Topic: Symbiosis between energy and nature
Description: Upon crossing the countryside surrounding the solarpunk city on a bike, a boat or a train, a visitor from our world would feel a bit disconcerted. Where are the monocultures that once upon a time spread as far as the eye could see? And what are all those solar panels doing there? And most of all, who let the sheep out in the olive grove?
Agroecology techniques have replaced for the most part the industrial agriculture paradigm of the Late Stage. Fields are no longer “flat factories” meant to extract resources, but fully realized eco-systems which support biodiversity as well as human wellbeing. Concepts like food forests and agro-silvo-pastoralism are very popular, people talk about them at the bar, as much as once they talked about the stock exchange. Climate adaptation has changed farmers’ habits: some crops, no longer suitable to a hotter, more extreme climate, have been abandoned, while others have been introduced (bananas from Puglia and coffee from Sicily are now common sights).

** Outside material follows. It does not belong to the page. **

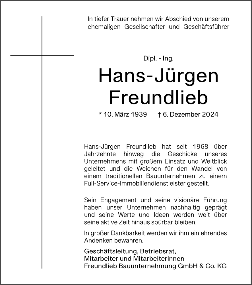 Hier finden Sie alle Traueranzeigen aus der Zeitung, die bisher für Hans-Jürgen Freundlieb erschienen sind. Weitere Traueranzeigen, die in der Zeitung erscheinen, werden hier ebenfalls aufgelistet
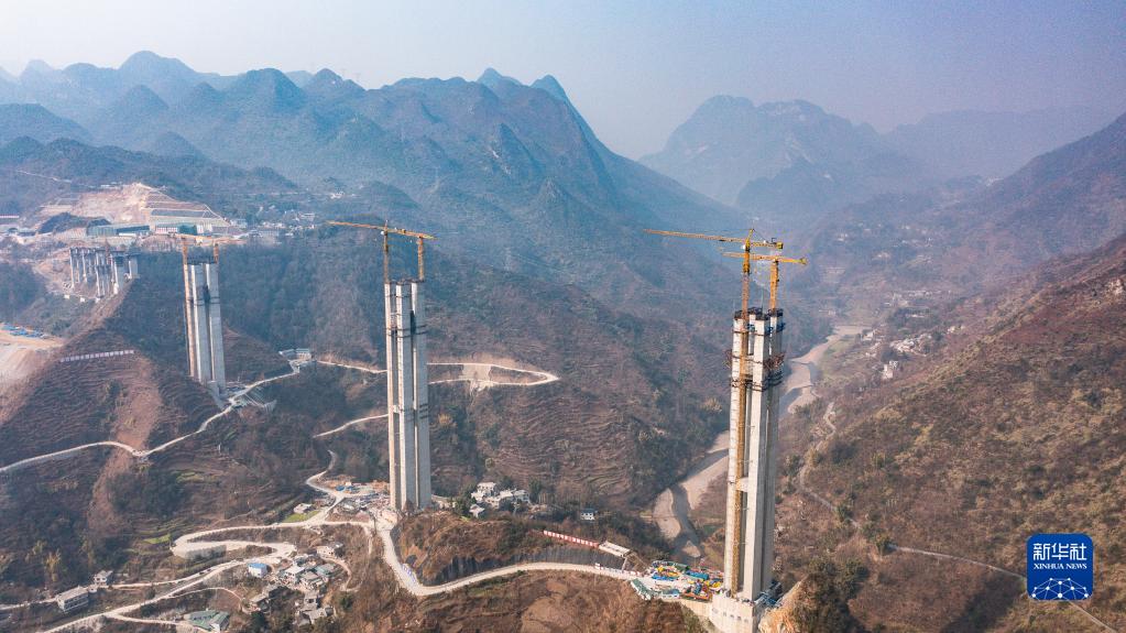 2月1日拍攝的納晴高速六枝特大橋施工現場(無人機照片)。

To protect their precious crops from the Sun, some farmers have converted to agrosolar, installing solar panels between crop rows or shading the whole field. Some of these covers have curious shapes: the solar panels are arranged in a semi sphere. Berries, salad leaves, citrus fruits and tea (from Liguria, like pesto) are much happier, and rural communities have a source of energetic sovereignty without having to sacrifice either Nature or Agriculture.
Now that profit is no longer the main decision-making factor, the solarpunk world is full of creative and innovative solutions.